I’ve always had a journal. They are kept in chronological order on their own bookshelf. Before each birthday I read through them all — an attempt to rediscover who I was in order to understand who I am; a sort of Joan Didion-esque take on the journal; “to keep on nodding terms with our past selves,” kind of deal.
My incomplete nature is reflected in the way I keep my journals. I usually abandon them before they are finished. They are like the exoskeleton of the many selves that arise within me. Each time I molt, a new journal is needed.
This past summer, while wandering around a second hand bookshop in New York, as I usually did after my internship; I felt an impulse. I was suddenly drawn to this bright teal hardcover notebook. I wanted it until I discovered it was a blank journal—- it had no lines. It was a rule I had: never own a blank notebook. This rule was made out of fear. I have always been terrified of the blank page, the way it can stare at you and mock the nullity of your pen. But something inside me, this new self, was determined to free my mind from all the lines and barriers. This new self wanted the ability to roam, and to make mistakes, and to move backwards, and to replay, and to travel.
You always think you need lines— until you discover how much fun it is without them. So I bought the notebook. And, for the first time in all my years of journaling, I have been kicked out of the journal. For the first time, the pages have run out before I was ready to leave. Within those pages between the teal hardcover object, I have never lived more fully, openly, or happily. I see my growth, expansion, and exploration teeming off the pages. Of course there were rough moments, but this journal served more as a celebration of my strengths rather than the usual reveling in self-doubt.
One thing I did differently was I allowed people to enter my life. I made room for them on these pages. Whenever I would go out to a bar or a party, once I grew tired of practicing the art of small talk, I would usually find myself bored. When that happened I would hand the person my journal, open to a blank page, and give them the opportunity to mark something: a quote, a drawing, a thought, a memory, a problem.
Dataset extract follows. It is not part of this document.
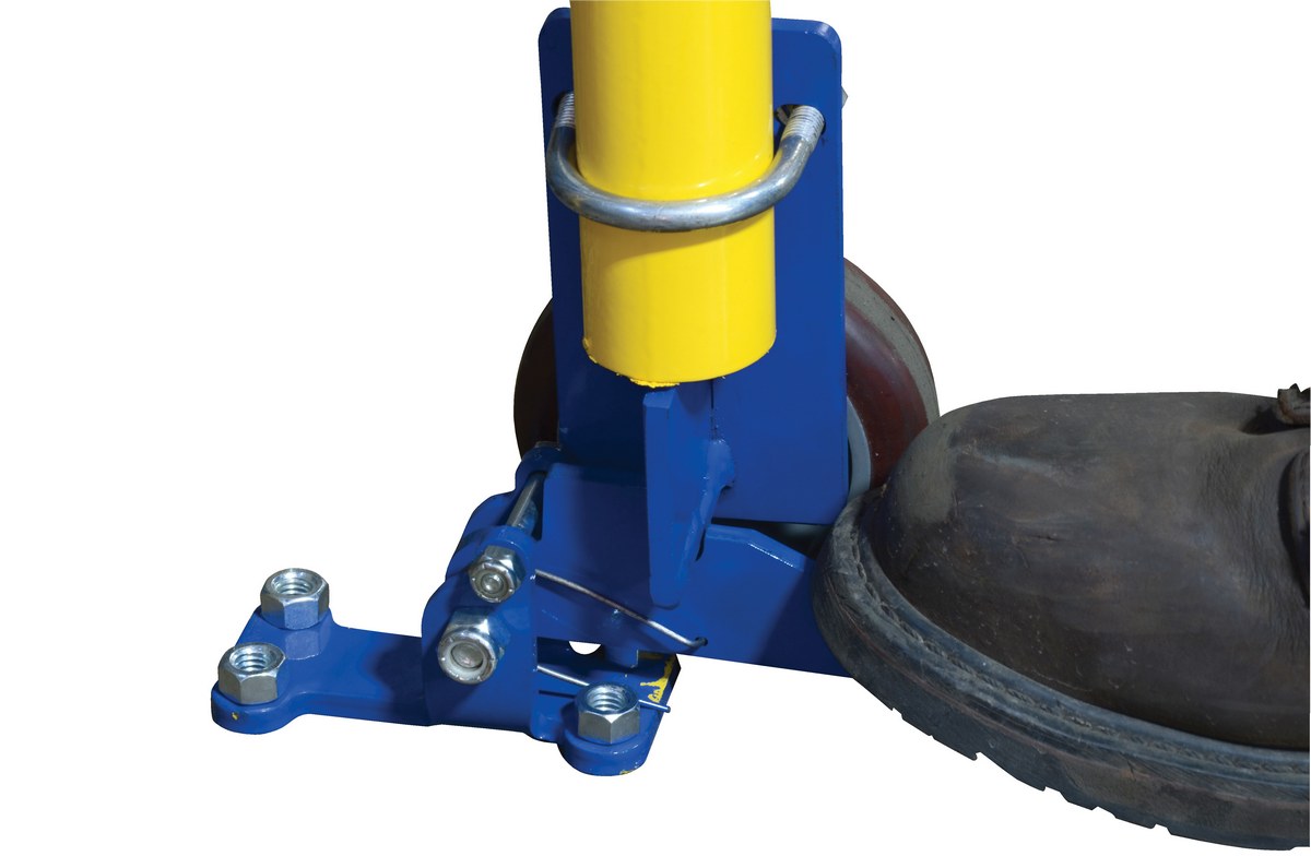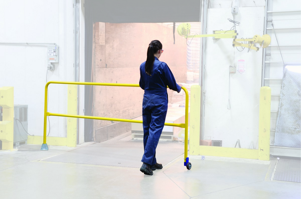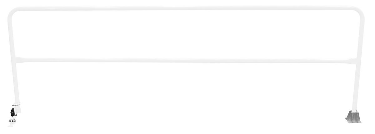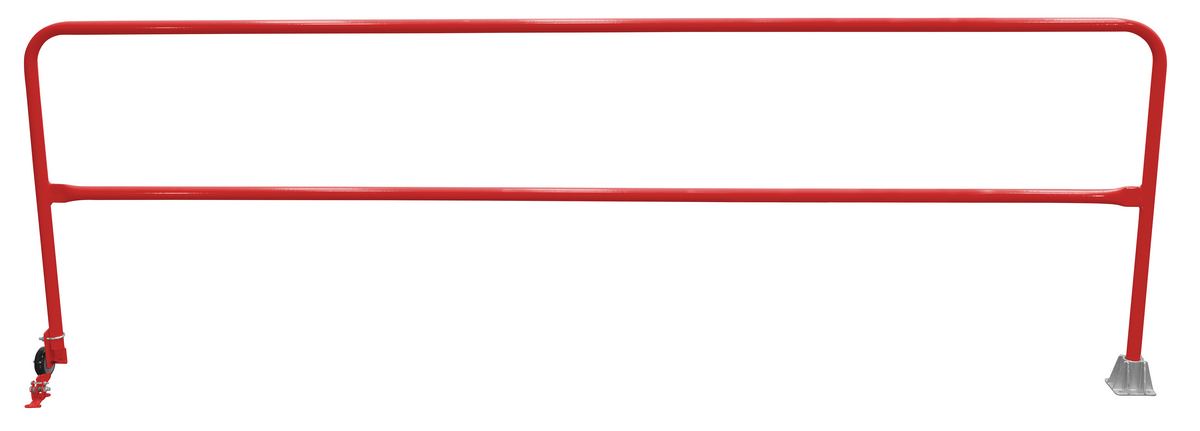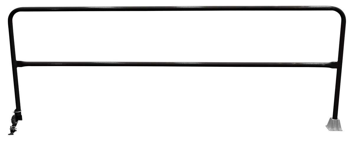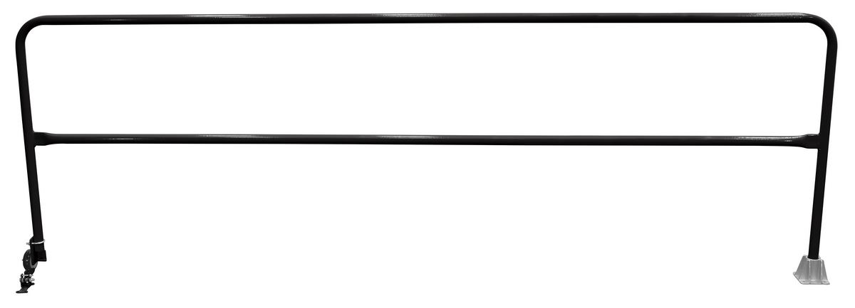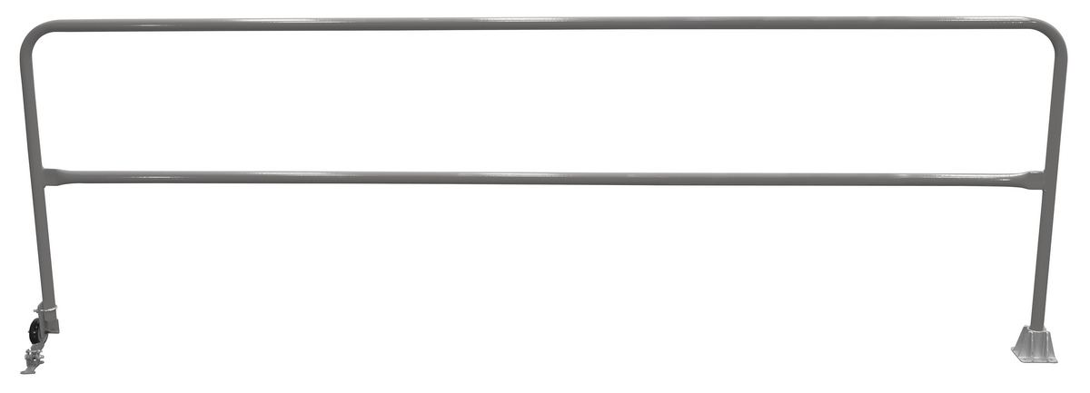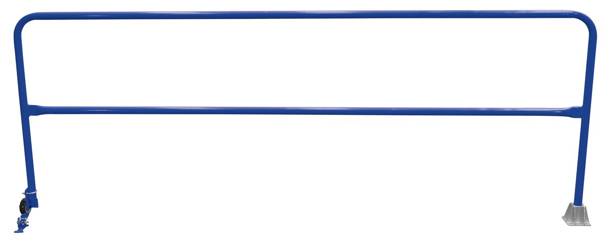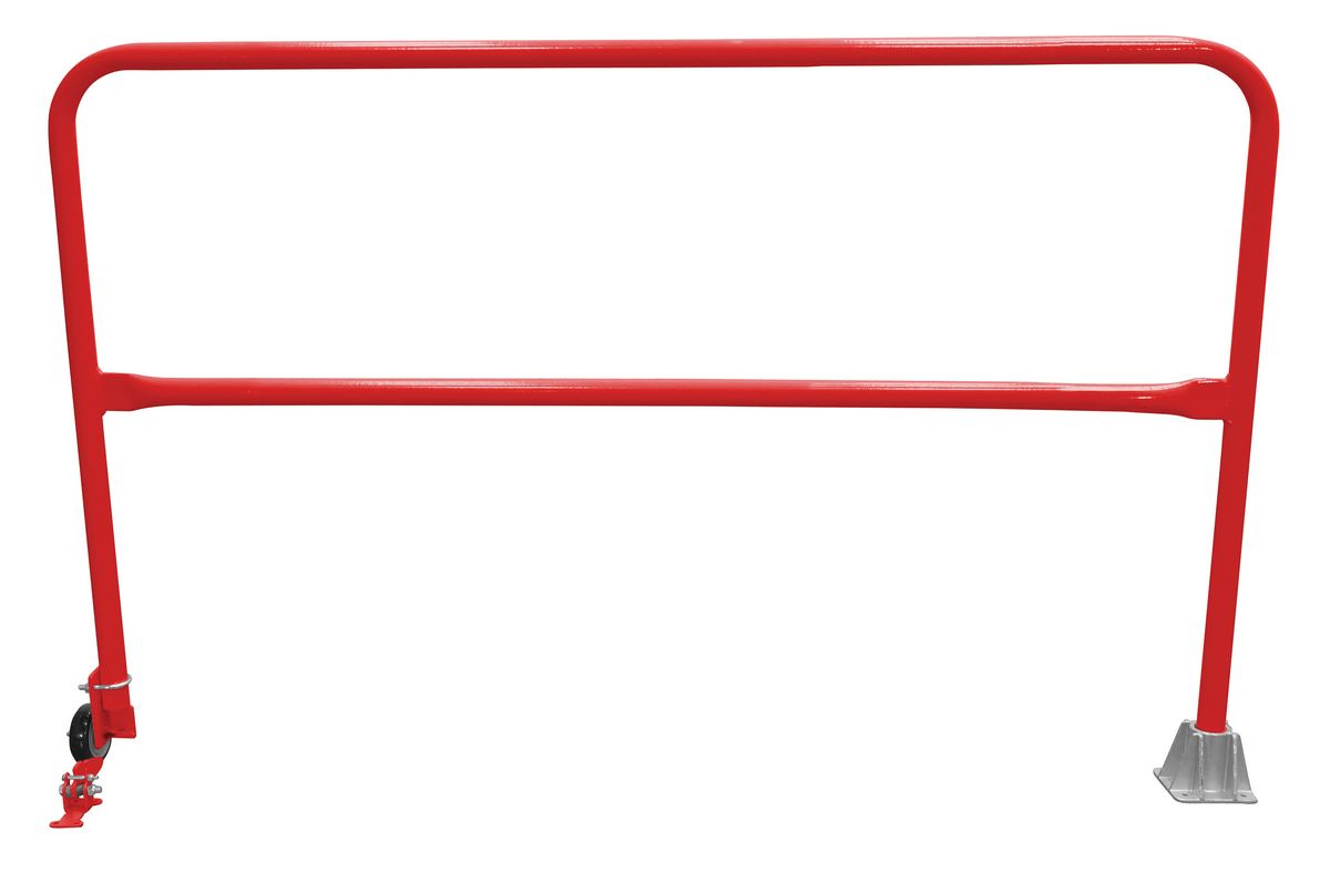Economical Safety Swing Gates are an economical way to protect people from dock falls. Durable railings are constructed from schedule 10 pipe (1-5/8" O.D.). Units have a top rail height of 46-1/4" and a 25" mid-rail. 4" poly-on-poly wheel allows units to be swung out of the way. Cast single socket is included.

It was a way to get to know a person in a setting that isn’t conducive to doing so. It’s now the way I like to get to know everyone. Within these pages, I have drawings from new and old people I have met who have moved me in unchangeable ways. Some who have within the pages gone from stangers to family to enemies to family again.
Since my journal has filled up and been completed; I, who am usually incomplete and unfinished, have become confused. Not just confused, but completely uncentered, like a wanderer moving in all sorts of directions without any anchor. I have bought 3 journals, and even made a beautiful one out of cardboard and stationary with the help of a book-binder. None of them feel like home. I feel like a stranger in my own body, a feeling that hash’t crept into my flesh in a long time.